Supreme Court of Canada
Gerow v. The Providence Washington Ins. Co. (1890) 17 SCR 387
Date: 1890-06-13
The Providence Washington Insurance Company (Defendant)
Appellant
And
George W. Gerow (Plaintiff)
Respondent
1890: Feb. 27, 38; 1890: June 13.
Present: Sir W. J. Ritchie C.J. and Fournier, Taschereau, Gwynne and Patterson JJ.
ON APPEAL FROM THE SUPREME COURT OF NEW BRUNSWICK.
Marine insurance—Construction of policy—Deviation—Loading port on west coast of South America—Guano Islands—Commercial usage.

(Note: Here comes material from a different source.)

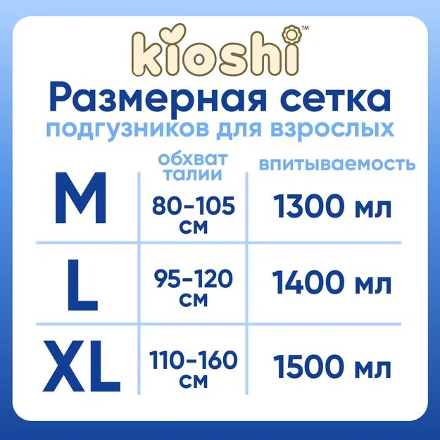 Подгузники для взрослых KIOSHI, размер M, 10шт

The voyage specified in a marine policy included "a loading port on the western coast of South America," and payment of a loss under the policy was resisted on the ground of deviation, the vessel having loaded at Lobos, one of the Guano Islands, from twenty-five to forty miles off the coast. On the trial of an action to recover the insurance, evidence was given by shipowners and mariners to the effect that, according to commercial usage, the said description in the policy would include the Guano Islands, and there was evidence that when the insurance was effected a reduction of premium was offered for an undertaking that the vessel would load guano. The jury found, on an express direction by the court, that the island where the vessel loaded was on the western coast of South America within the meaning of the policy,
Held, affirming the judgment of the court below, that the words in the policy must be taken to have been used in a commercial sense and as understood by shippers, shipowners and underwriters; and the jury having based their verdict on the evidence of what such understanding would be, and the company being aware of a guano freight being contemplated, the finding should not be disturbed.
Appeal from a decision of the Supreme Court of New Brunswick sustaining the verdict at the trial for the plaintiff and refusing a new trial.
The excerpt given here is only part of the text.